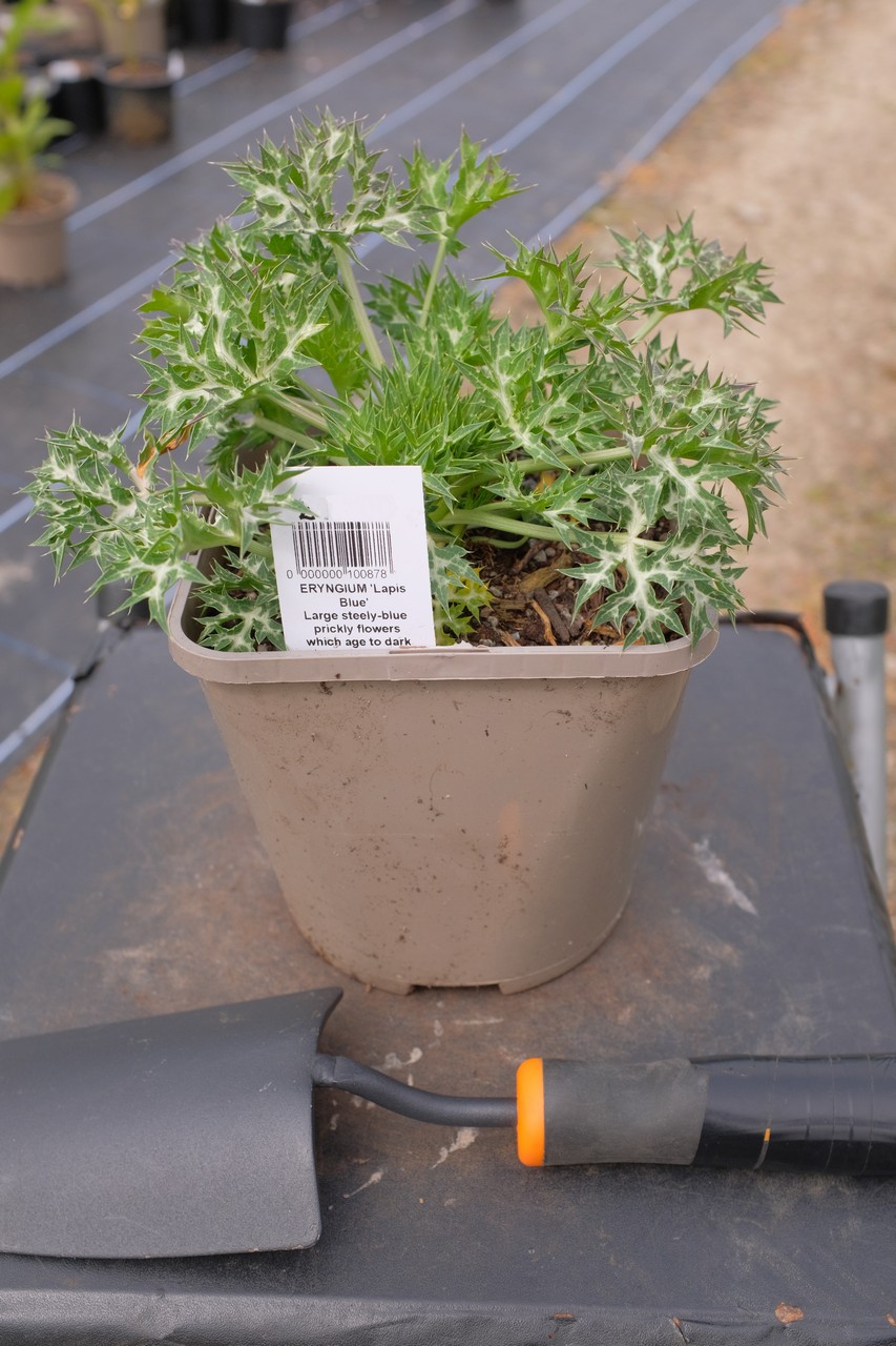 A compact sea-holly. Thistle-like plant ideal for a gravel bed. Wildlife plant - butterflies -
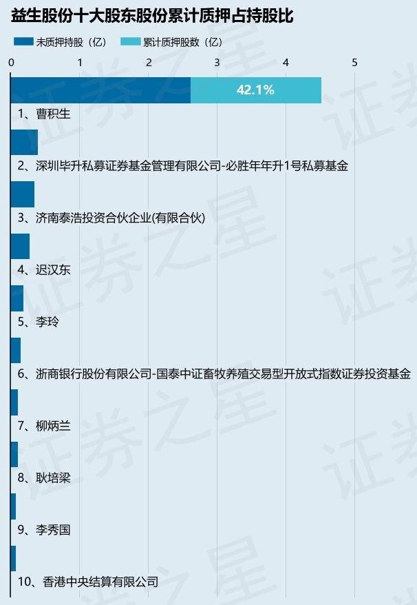 截止本公告日,股东曹积生已累计质押股份1.9亿股,占其持股总数的42.1%。本次质押后益生股份十大股东的累计质押股份占持股比例(占持股比例的计算以公司最新一期财务报表公布的十大股东的持股总数为基准)见下图:
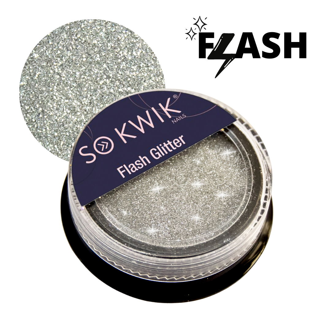 Sclipiciurile Flash Glitter sunt noua senzatie in domeniul unghiilor tehnice. Flash Glitter se poate folosi aplicat direct peste gelul de baza sau o culoare de oja semipermanenta, asemenea tehnicii Sugar Effect, dar obtinem efecte senzationale si in combinatie cu AcryGel sau geluri de constructie de consistenta mai gelationasa, precum SoKwik Jelly Gel.
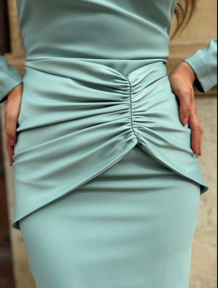 Vestido midi en tejido crepe de color verde menta forrado al tono. El toque de distinción lo marca la asimetrÃa de la manga, el drapeado en gasa de la zona frontal y la raja trasera. Un vestido muy femenino para arrasar como invitada perfecta.
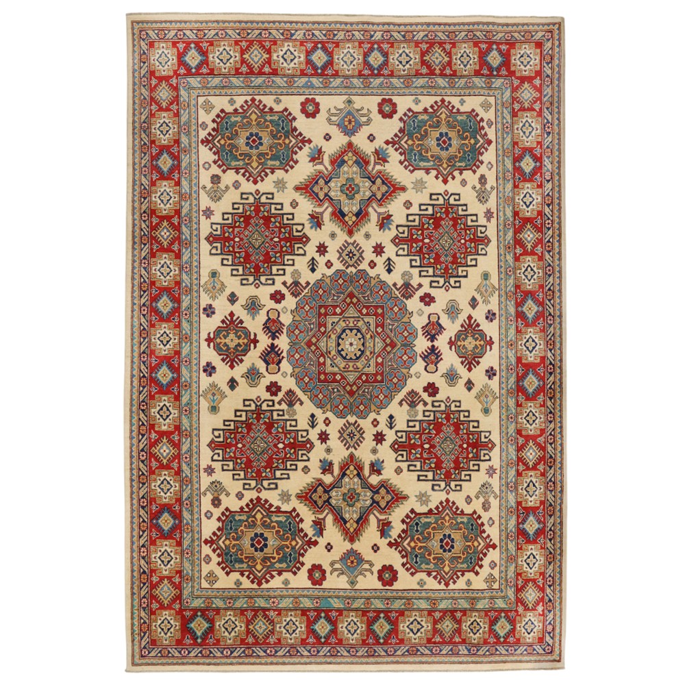 Ky tapet Ghazni është një vepër e vërtetë artizanale, krijuar për ata që kërkojnë diçka më shumë se thjesht një element dekorativ. I punuar me 100% lesh natyral, ai ofron një teksturë të dendur, të ngrohtë dhe jashtëzakonisht të qëndrueshme—karakteristikë dalluese e tapeteve të leshit të cilësisë së lartë. Leshi natyral siguron rezistencë të lartë, ngjyrë të qëndrueshme dhe një ndjesi të ngrohtë nën këmbë. Modeli shumëngjyrësh ndërthur tone të thella dhe ngjyra të buta në një dizajn që tërheq vëmendjen, duke sjellë energji, karakter dhe një frymë autentike orientale në çdo hapësirë. Përzierja shumëngjyrëshe krijon një pamje dinamike që ndryshon varësisht nga këndi i dritës. Çdo detaj i tij është punuar me kujdes, duke krijuar një balancë perfekte midis traditës dhe elegancës bashkëkohore. Dizajni i frymëzuar nga artizanati oriental e shndërron tapetin në një pjesë arti, jo thjesht një dekor. Me përmasat e tj, ky tapet bëhet pjesa kryesore e dhomës—ideal për ambiente të mëdha si dhoma ndenjeje, zyra luksoze apo çdo hapësirë që kërkon një element me prezencë të fortë vizuale. Për të ruajtur cilësinë dhe jetëgjatësinë e tapetit, këshillohet pastrimi kimik profesional, pasi ndihmon në mbajtjen e strukturës së fibrave dhe ruajtjen e ngjyrës.
# # # # #
▶ **PROBLEM STATEMENT**
Reproduce all the entries above exactly. Include no images.

▶ **EXERCISE OUTPUT**
 A compact sea-holly. Thistle-like plant ideal for a gravel bed. Wildlife plant - butterflies -
 截止本公告日,股东曹积生已累计质押股份1.9亿股,占其持股总数的42.1%。本次质押后益生股份十大股东的累计质押股份占持股比例(占持股比例的计算以公司最新一期财务报表公布的十大股东的持股总数为基准)见下图:
 Sclipiciurile Flash Glitter sunt noua senzatie in domeniul unghiilor tehnice. Flash Glitter se poate folosi aplicat direct peste gelul de baza sau o culoare de oja semipermanenta, asemenea tehnicii Sugar Effect, dar obtinem efecte senzationale si in combinatie cu AcryGel sau geluri de constructie de consistenta mai gelationasa, precum SoKwik Jelly Gel.
 Vestido midi en tejido crepe de color verde menta forrado al tono. El toque de distinción lo marca la asimetrÃa de la manga, el drapeado en gasa de la zona frontal y la raja trasera. Un vestido muy femenino para arrasar como invitada perfecta.
 Ky tapet Ghazni është një vepër e vërtetë artizanale, krijuar për ata që kërkojnë diçka më shumë se thjesht një element dekorativ. I punuar me 100% lesh natyral, ai ofron një teksturë të dendur, të ngrohtë dhe jashtëzakonisht të qëndrueshme—karakteristikë dalluese e tapeteve të leshit të cilësisë së lartë. Leshi natyral siguron rezistencë të lartë, ngjyrë të qëndrueshme dhe një ndjesi të ngrohtë nën këmbë. Modeli shumëngjyrësh ndërthur tone të thella dhe ngjyra të buta në një dizajn që tërheq vëmendjen, duke sjellë energji, karakter dhe një frymë autentike orientale në çdo hapësirë. Përzierja shumëngjyrëshe krijon një pamje dinamike që ndryshon varësisht nga këndi i dritës. Çdo detaj i tij është punuar me kujdes, duke krijuar një balancë perfekte midis traditës dhe elegancës bashkëkohore. Dizajni i frymëzuar nga artizanati oriental e shndërron tapetin në një pjesë arti, jo thjesht një dekor. Me përmasat e tj, ky tapet bëhet pjesa kryesore e dhomës—ideal për ambiente të mëdha si dhoma ndenjeje, zyra luksoze apo çdo hapësirë që kërkon një element me prezencë të fortë vizuale. Për të ruajtur cilësinë dhe jetëgjatësinë e tapetit, këshillohet pastrimi kimik profesional, pasi ndihmon në mbajtjen e strukturës së fibrave dhe ruajtjen e ngjyrës.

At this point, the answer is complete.